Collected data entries
────

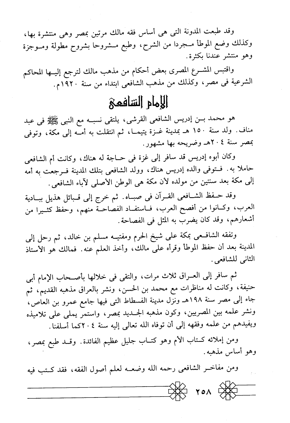هو محمد بن إدريس الشافعي القرشي، يلتقي نسبه مع النبي -صلى الله عليه وسلم- في عبد مناف. ولد سنة 150هـ بمدينة غزة يتيما، ثم انتقلت به أمه إلى مكة، وتوفي بمصر سنة 204هـ وضريحه بها مشهور.
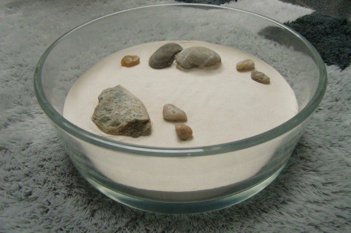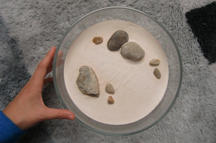 Zuerst sollte die Wanne grĂŒndlich gereinigt werden. Danach kann der Gips angerĂŒhrt werden. Erstrebenswert ist eine jogurtĂ€hnliche Konsistenz, sodass man ihn gut zum AusgieĂen der Wanne verwenden kann. Der Gips kann nun wahlweise mit Lehmpulver oder Abtönfarbe eingefĂ€rbt werden. WĂ€hlt man Lehmpulver, sollte man darauf achten, dass die Masse nicht zu trocken wird. Also lieber etwas mehr Wasser hinzugeben. AnschlieĂend kann die Wanne vorsichtig ausgegossen werden. Sollten die WĂ€nde etwas abbekommen, kann man den Gips noch gut mit einem feuchten KĂŒchentuch entfernen. Gleich daruf können die Steine in beliebiger Anordnung in den Gips gedrĂŒckt werden. Wenn erwĂŒnscht kann auch noch anderes Dekomatial verwendet werden, wie etwa Sand oder feiner Kies. Organisches Material sollte nicht eingegossen werden.
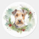 Pegatina Redonda Wirefox Terrier Navidades Wreath Festive Pup
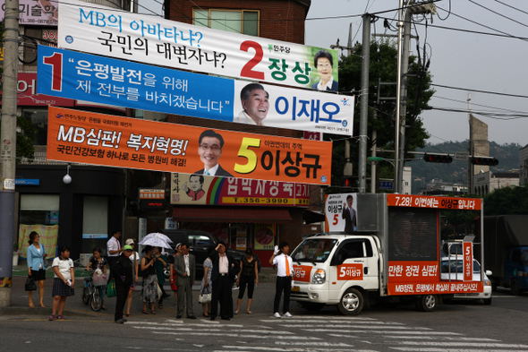 은평구 대조동에서 10년 넘게 살고 있는 나하균(48)씨는 6·2 지방선거에 이어 이번 국회의원 재선거에서도 여전히 ‘정권 심판’이 필요하다는 생각이다. “저도 과거 민주화운동을 경험한 세대인데 그때 그렇게 지키려 노력했던 인권과 언론 자유 등의 가치가 퇴색하는 상황이 안타까웠습니다. 한나라당이 그동안 너무 서민을 무시하고 인권을 탄압해왔잖아요. 그래서 저는 민주당입니다.”
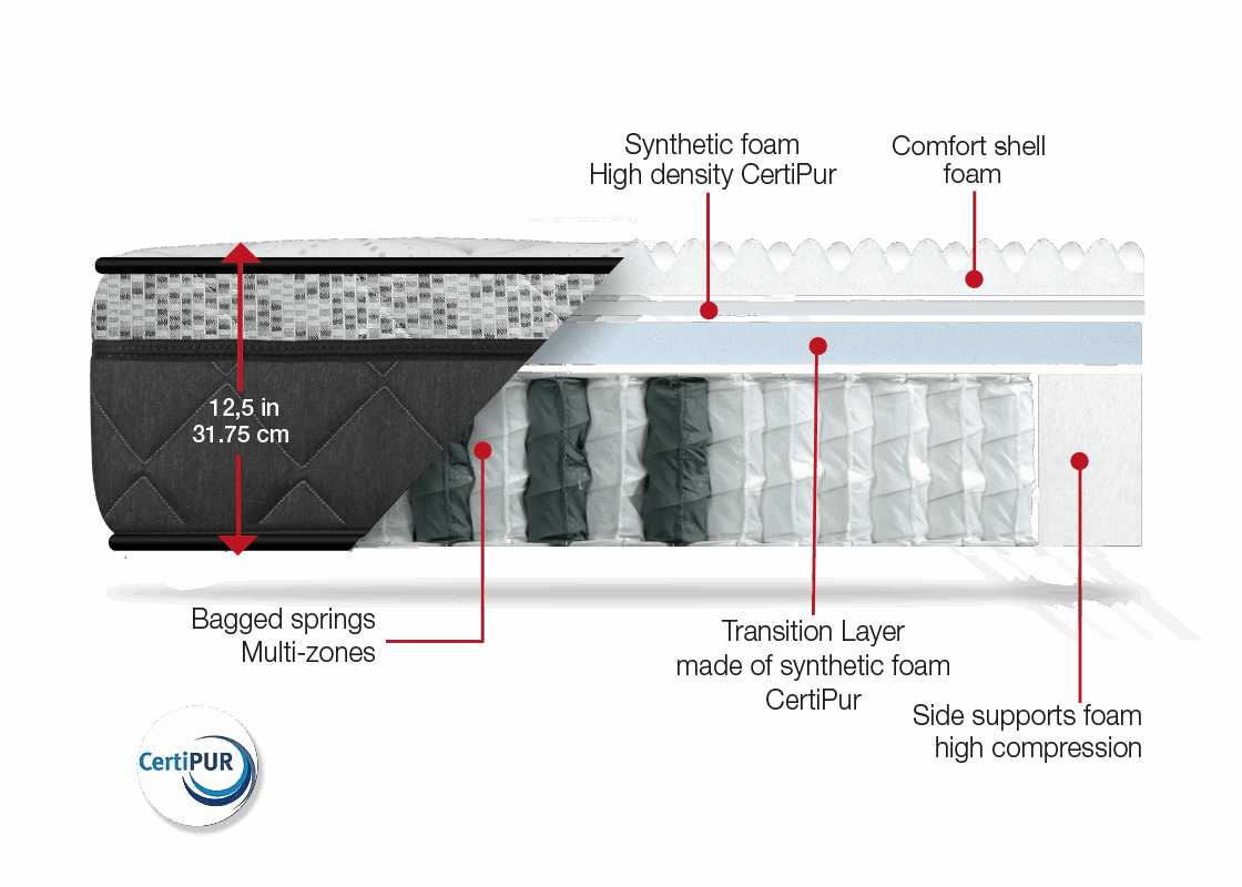 Discover the Crépuscule Mattress, a revolution in the world of sleep. This firm mattress designed with high-precision multi-zone pocket springs provides optimal support for every part of your body. Our cutting-edge technology guarantees perfect firmness, providing deep and restorative sleep.
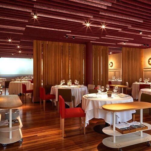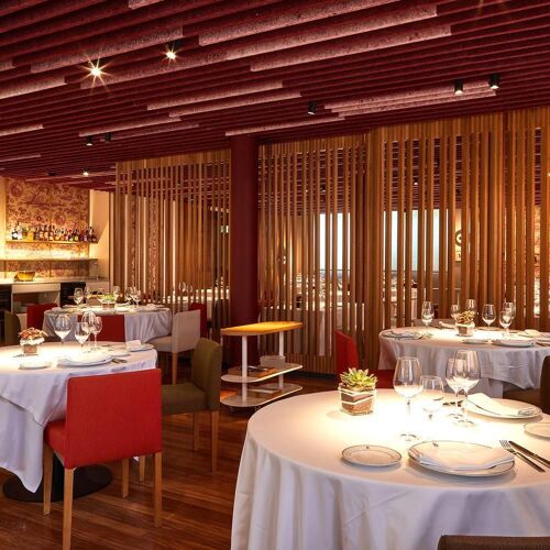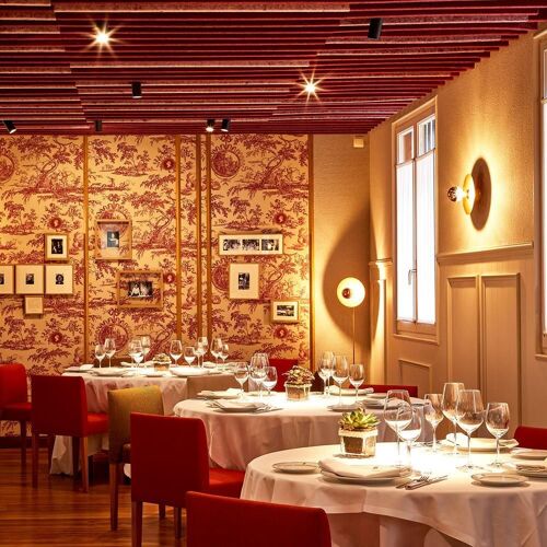 The meticulously appointed dining room here can be considered a temple of traditional Rioja cooking thanks to its respect for flavour and dishes prepared with the minutest of detail. The extensive à la carte, featuring the signature dishes of both Francis Paniego and his mother, is complemented by a daily menu (midweek only) plus a tasting option. We can definitely recommend the famous soft and creamy croquettes, the prawn carpaccio, the lightly battered hake confit (cooked at 45°C), and the Cameros cheese on toast with apple.
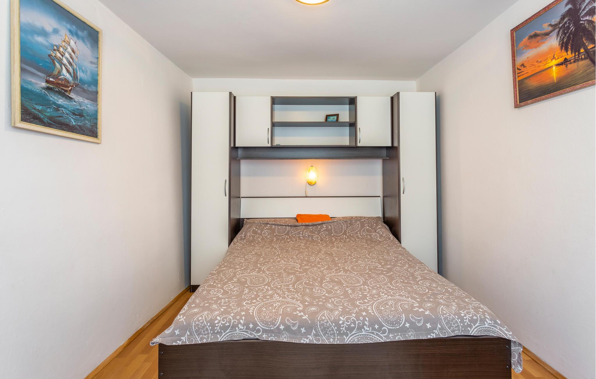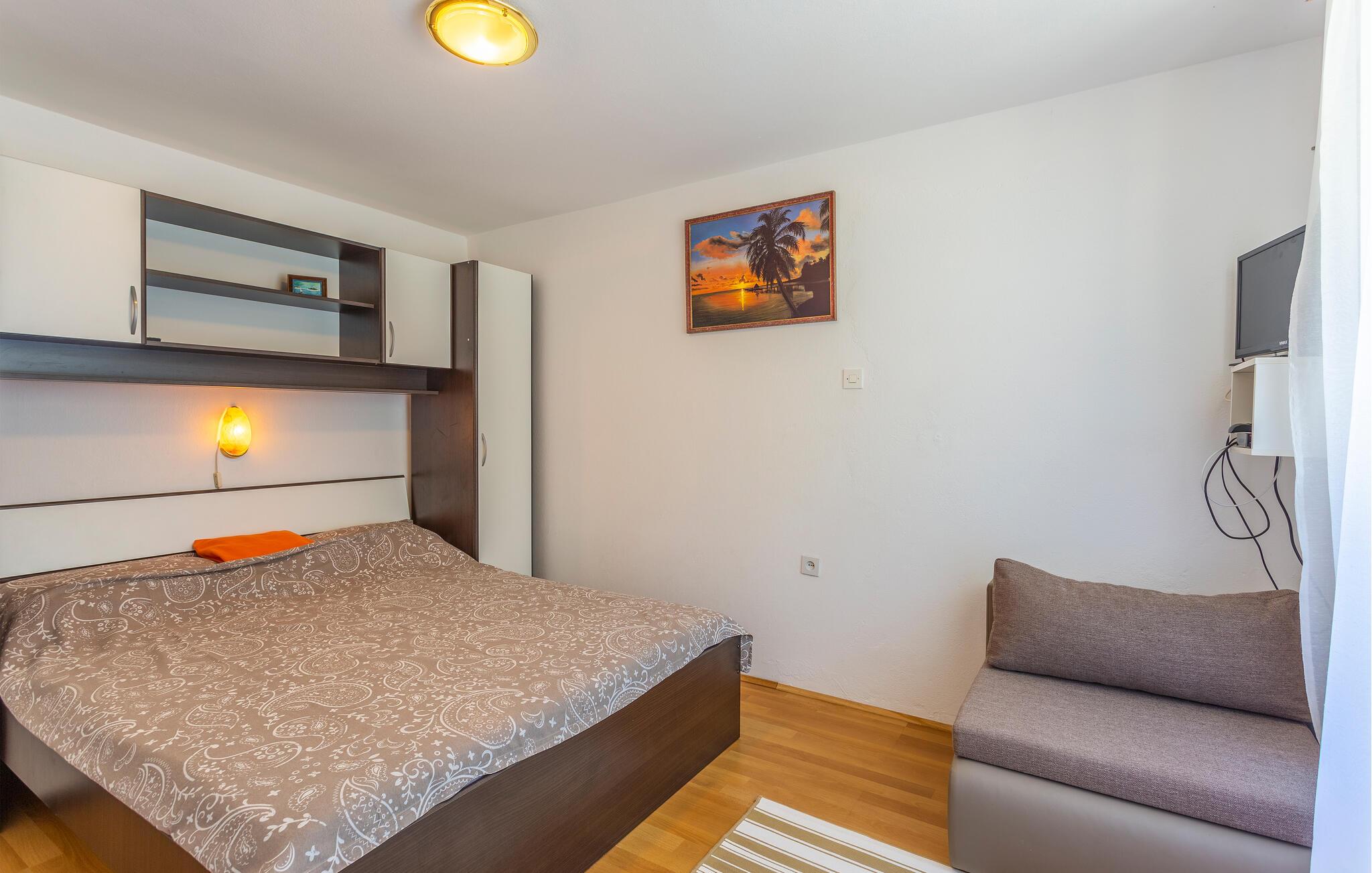 Dette rummelige dobbelthus byder jer velkommen i den rolige landsby Polje og tilbyder jer et praktisk hjem væk fra hjemmet, mens I slipper for den travle hverdag og er tæt på smukke strande. Her kan I trylle lækre retter frem, planlægge dagens aktiviteter og afslutte en begivenhedsrig dag med en spilleaften.

────

◆ WHAT YOU ARE ASKED TO DO: What is needed is an exact copy of the lines from the start of the records through the line containing "The meticulously appointed", with no pictures.

◆ EXERCISE OUTPUT:
هو محمد بن إدريس الشافعي القرشي، يلتقي نسبه مع النبي -صلى الله عليه وسلم- في عبد مناف. ولد سنة 150هـ بمدينة غزة يتيما، ثم انتقلت به أمه إلى مكة، وتوفي بمصر سنة 204هـ وضريحه بها مشهور.
 Zuerst sollte die Wanne grĂŒndlich gereinigt werden. Danach kann der Gips angerĂŒhrt werden. Erstrebenswert ist eine jogurtĂ€hnliche Konsistenz, sodass man ihn gut zum AusgieĂen der Wanne verwenden kann. Der Gips kann nun wahlweise mit Lehmpulver oder Abtönfarbe eingefĂ€rbt werden. WĂ€hlt man Lehmpulver, sollte man darauf achten, dass die Masse nicht zu trocken wird. Also lieber etwas mehr Wasser hinzugeben. AnschlieĂend kann die Wanne vorsichtig ausgegossen werden. Sollten die WĂ€nde etwas abbekommen, kann man den Gips noch gut mit einem feuchten KĂŒchentuch entfernen. Gleich daruf können die Steine in beliebiger Anordnung in den Gips gedrĂŒckt werden. Wenn erwĂŒnscht kann auch noch anderes Dekomatial verwendet werden, wie etwa Sand oder feiner Kies. Organisches Material sollte nicht eingegossen werden.
 Pegatina Redonda Wirefox Terrier Navidades Wreath Festive Pup
 은평구 대조동에서 10년 넘게 살고 있는 나하균(48)씨는 6·2 지방선거에 이어 이번 국회의원 재선거에서도 여전히 ‘정권 심판’이 필요하다는 생각이다. “저도 과거 민주화운동을 경험한 세대인데 그때 그렇게 지키려 노력했던 인권과 언론 자유 등의 가치가 퇴색하는 상황이 안타까웠습니다. 한나라당이 그동안 너무 서민을 무시하고 인권을 탄압해왔잖아요. 그래서 저는 민주당입니다.”
 Discover the Crépuscule Mattress, a revolution in the world of sleep. This firm mattress designed with high-precision multi-zone pocket springs provides optimal support for every part of your body. Our cutting-edge technology guarantees perfect firmness, providing deep and restorative sleep.
 The meticulously appointed dining room here can be considered a temple of traditional Rioja cooking thanks to its respect for flavour and dishes prepared with the minutest of detail. The extensive à la carte, featuring the signature dishes of both Francis Paniego and his mother, is complemented by a daily menu (midweek only) plus a tasting option. We can definitely recommend the famous soft and creamy croquettes, the prawn carpaccio, the lightly battered hake confit (cooked at 45°C), and the Cameros cheese on toast with apple.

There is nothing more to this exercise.